What do we take from all of this? Well I do know that Denso which is the parts arm of Toyota is gaining contracts for domestic manufacturers (one of the suppliers to the Saturn Aura-Automotive News) and Delphi provides parts to Toyota (Automotive News). As we can see from warranty costs there is a $200 advantage to Toyota with "Toyota Motor Corp., Nissan Motor Co. and Honda Motor Co. persuaded buyers to pay an average $24,289 per vehicle, 12 percent more than U.S. automakers" All figures American (Bloomberg.com). That is less than 1% of the average selling price of the vehicles. A very small figure. I would say the hype and accolades for quality don't add up to much of an argument.

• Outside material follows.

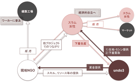 バングラデシュで「女性と子供の支援」を行っている、現地NGOとの協力モデル。undo3は、現地NGOを通じて、彼らが管轄するスラムの女性にミシン・生地の提供を行う。スラム女性は、スラム内で下着を生産し、自ら域内や近隣マーケット等で販売。スラム・マーケット内のマーケティングはすべてスラム女性自身に委任する。
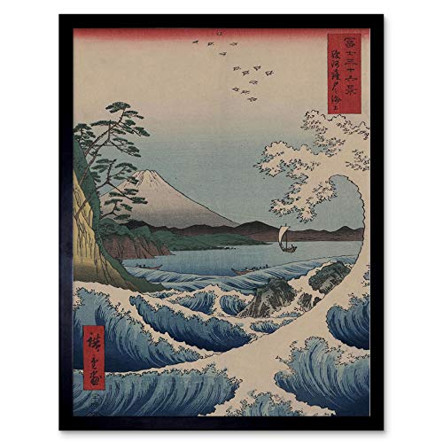Wee Blue Coo - Wee Blue Coo Utagawa Hiroshige Japanese Sea Off Satta Old Painting Art Print Framed Poster Wall Decor 12X16 Inch

And finally, I would like to mention something about resale value. I will use Toyota as an example. Currenty a used 2006 Toyota Corolla Sport with the package B with an MSRP of $25,200 is selling for $19,700 on a local Toyota dealers lot with other models having similar price drops. Most shoppers do not realize that Toyota, Nissan, and Mazda have many cars in rental fleets. I am seeing more and more of them. The 2006 model seems to be hit the hardest by this. Since domestics sell for less with better incentives, interest rates and pricing there is of course going to be lower resale values. What is the cost advantage to the Corolla? Well if you spend on average $3,000 more to get one in terms of MSRP and then spend on top of that an extra $1,000 to $2,000 on interest and get an extra and I am exaggerating here- $4,000 for resale value in 5 years you are not further ahead at all but it took 5 years to get there. With more and more Toyota's and imports going to the rental fleets their resale values will drop as a result. If someone wants to pay the same for a 2004 model as a 2006 model they are kind of dumb are't they? It kind of illustrates the blind attitude the strong Import promoters have. It sounds like they are the worst suckers out there- hey I have a bridge in San Francisco that I want to unload, any takers?
With more cars out there the prices will tumble and are. Of course there is the negotiation factor. With Toyota there isn't the benefit for much negotiation. With too much negotiation the resale values drop as well. I know for a fact that here in Calgary most Toyota's sell within $1,000 of MSRP due to Toyota Canada's Access Toyota pricing and selling policy. Saturn's are 99% of the time selling for full MSRP. Import salespeople use their resale advantage to help sell their vehicles compared to the domestics and why they do not negotiate as much as Ford or GM or Chrysler.
Yes there are cars that suffer much worse than my illustration but they are heavily available in the rental fleets and show up on dealers lots in the hundreds. Chrysler anyone? It is well known that GM and Ford are cutting back their shipments to the rental companies and guess who are filling in the gaps? Yep, you guessed it.